» What is needed
Your job is to give again, exactly and with no additions, the lines in the records below from the one with "Uporaba laserja v ginekološki ambulanti" through the one with "Postman的腳本可以導出多種語言的腳本,方便二次維護開發(fā)。", both included. Omit the pictures.

» Source information
________________________
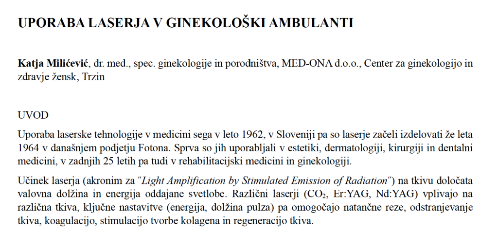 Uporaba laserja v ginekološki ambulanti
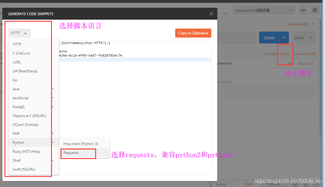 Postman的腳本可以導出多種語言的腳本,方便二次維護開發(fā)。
________________________
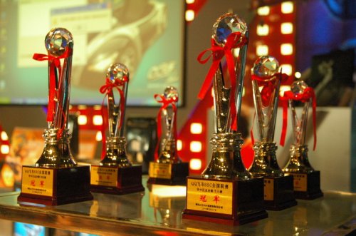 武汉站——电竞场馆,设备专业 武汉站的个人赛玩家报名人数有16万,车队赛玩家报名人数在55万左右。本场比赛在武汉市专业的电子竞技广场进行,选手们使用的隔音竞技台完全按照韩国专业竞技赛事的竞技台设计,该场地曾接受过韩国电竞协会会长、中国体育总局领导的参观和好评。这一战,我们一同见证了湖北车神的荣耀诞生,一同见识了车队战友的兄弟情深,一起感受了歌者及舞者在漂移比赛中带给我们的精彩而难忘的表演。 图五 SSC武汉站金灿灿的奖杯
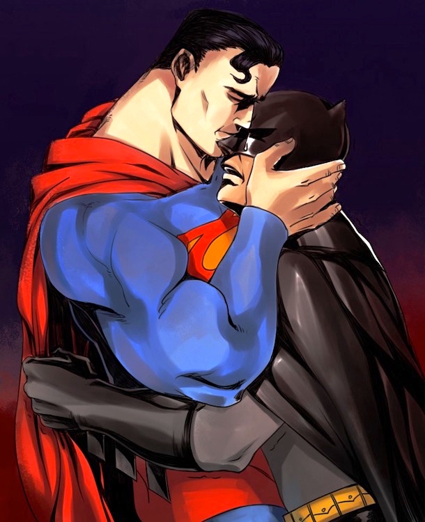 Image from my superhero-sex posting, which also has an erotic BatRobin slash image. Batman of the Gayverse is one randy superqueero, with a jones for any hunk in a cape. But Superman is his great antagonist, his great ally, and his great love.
________________________
» Exercise response
 Uporaba laserja v ginekološki ambulanti
 Postman的腳本可以導出多種語言的腳本,方便二次維護開發(fā)。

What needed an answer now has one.